I did the Ffirst 4 free changes at 6000 mile intervals so I could take advantage of all of them. Then every 7500 or 6 months should line up with what the DIC tells you to do. This will keep you safe and in the parameters of your warranty, no problem.


----------



## boraz (Aug 29, 2013)

Cruze2.0TD said:


> When do you guys think the first oil change should be in a Cruze diesel and when should every change after that be? The owners manual says 12,000 km's, but that seems like a long time to run oil for. I was thinking more like every 7,500 km's.


7500 kms based on what?


----------



## plasticplant (Mar 26, 2013)

My first dealer oil change came at 6,300 miles (DIC read 8%). I've been running Mobil 1 ESP 5W30 (full synthetic) ever since (I'm on my second round). I plan on going with 7,500 - 8,000 mile change intervals. Going off the DIC, that should put me somewhere around 4-6%. I'm good with that.


----------



## PanJet (Jun 18, 2013)

I just had my first one done last week at 5,500 miles. The DIC was at about 98% when I bought it (the car was less than two weeks old from it's build date-took delivery the day they got it on the lot), and it was about 25% when I had it changed. We drove probably 70/30 hwy/city during that time.

I plan on changing mine about every 5-6,000 miles or 20% on the DIC, whichever comes first.

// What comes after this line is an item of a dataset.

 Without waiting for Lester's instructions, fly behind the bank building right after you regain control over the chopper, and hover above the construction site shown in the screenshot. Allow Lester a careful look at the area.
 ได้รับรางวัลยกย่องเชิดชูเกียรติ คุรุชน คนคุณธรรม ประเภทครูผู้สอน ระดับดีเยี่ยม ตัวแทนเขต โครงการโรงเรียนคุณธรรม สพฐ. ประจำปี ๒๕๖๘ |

Minnesota requires B5 and soon B10 fuel during the summer months, so I'm at higher risk for oil dilution than some.


----------



## Cruze2.0TD (Feb 12, 2014)

boraz said:


> 7500 kms based on what?


Being OCD and wanting to make sure the oil is change much sooner than later haha.


----------



## Scott M. (Apr 23, 2013)

Call me crazy but I think this car can go 10,000 miles between oil changes. The oil is so expensive you should get your money's worth.


----------



## Cruze2.0TD (Feb 12, 2014)

PanJet said:


> I just had my first one done last week at 5,500 miles. The DIC was at about 98% when I bought it (the car was less than two weeks old from it's build date-took delivery the day they got it on the lot), and it was about 25% when I had it changed. We drove probably 70/30 hwy/city during that time.
> 
> I plan on changing mine about every 5-6,000 miles or 20% on the DIC, whichever comes first. Minnesota requires B5 and soon B10 fuel during the summer months, so I'm at higher risk for oil dilution than some.

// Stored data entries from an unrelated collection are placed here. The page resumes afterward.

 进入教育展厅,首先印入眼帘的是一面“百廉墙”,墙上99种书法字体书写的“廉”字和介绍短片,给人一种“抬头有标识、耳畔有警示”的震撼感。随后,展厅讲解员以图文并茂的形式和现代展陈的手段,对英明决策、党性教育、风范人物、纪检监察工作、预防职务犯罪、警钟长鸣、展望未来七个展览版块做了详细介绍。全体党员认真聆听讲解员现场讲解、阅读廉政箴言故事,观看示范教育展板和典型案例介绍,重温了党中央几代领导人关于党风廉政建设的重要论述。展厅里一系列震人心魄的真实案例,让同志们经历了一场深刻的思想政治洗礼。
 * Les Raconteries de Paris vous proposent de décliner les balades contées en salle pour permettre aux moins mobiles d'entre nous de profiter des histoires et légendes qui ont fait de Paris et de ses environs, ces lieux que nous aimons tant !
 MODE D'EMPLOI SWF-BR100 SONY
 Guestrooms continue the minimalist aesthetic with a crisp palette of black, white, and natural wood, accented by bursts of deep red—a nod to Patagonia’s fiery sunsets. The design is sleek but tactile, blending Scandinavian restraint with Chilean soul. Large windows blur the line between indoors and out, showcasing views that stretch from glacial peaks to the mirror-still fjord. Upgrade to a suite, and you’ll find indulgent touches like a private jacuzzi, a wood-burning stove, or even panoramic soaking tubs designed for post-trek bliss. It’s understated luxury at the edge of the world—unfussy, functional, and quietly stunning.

I think this sounds good. I will do my first change around 8,000 km's (~5,000 miles) and then after that just watch the DIC. I don't drive a lot so I may just go with once every six months as well. I'll probably put less than 20,000 km's a year on the car (~12,500 miles), so two oil changes a year would probably be good. That way I can take full advantage of the 2 years free maintenance as well.


----------



## PanJet (Jun 18, 2013)

Scott M. said:


> Call me crazy but I think this car can go 10,000 miles between oil changes. The oil is so expensive you should get your money's worth.


That's probably true, but I think the level of bio you use (whether by choice or not) has a lot to do with it. If you can get B0 or B2 in your area, I'd be very comfortable going the full 7,500 miles or more on a change, but with B5 or higher, I'd be much more cautious due to inevitable oil dilution.

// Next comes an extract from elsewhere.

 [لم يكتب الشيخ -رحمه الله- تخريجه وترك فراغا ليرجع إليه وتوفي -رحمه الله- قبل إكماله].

I read somewhere (maybe XR told us?, maybe not) that with a good synthetic, this engine should easily go 10k, but bio is a big limiting factor that may have played into GM being more conservative than it needs to with the DIC since the engine is supposed to handle up to B20.


----------



## KpaxFAQ (Sep 1, 2013)

Used oil analysis is the only way to know anything. Period. Bio wash down in our motors is less of a problem then VW's because regen fuel injection happens outside of the cylinder not a last injection in it which causes a lot of the rising oil level issue. Even so, VW's regularly go 10,000 plus miles running combinations of bio. I'm not particularly worried about it, but like I said if worried do a simple used oil analysis and you'll know exactly there and then if it's something even worth worrying about in the future

Sent from AutoGuide.com Free App


----------



## KpaxFAQ (Sep 1, 2013)

I'm going 7,500mi intervals to follow the manual for the first 100k then going as long as possible after that with uoa as my basis...

Sent from AutoGuide.com Free App


----------



## PanJet (Jun 18, 2013)

KpaxFAQ said:


> Used oil analysis is the only way to know anything. Period. Bio wash down in our motors is less of a problem then VW's because regen fuel injection happens outside of the cylinder not a last injection in it which causes a lot of the rising oil level issue. Even so, VW's regularly go 10,000 plus miles running combinations of bio. I'm not particularly worried about it, but like I said if worried do a simple used oil analysis and you'll know exactly there and then if it's something even worth worrying about in the future
> 
> Sent from AutoGuide.com Free App


As I recall, VW issued a bulletin to owners in states where higher than B5 is mandated saying they needed to change oil every 5,000 miles to compensate.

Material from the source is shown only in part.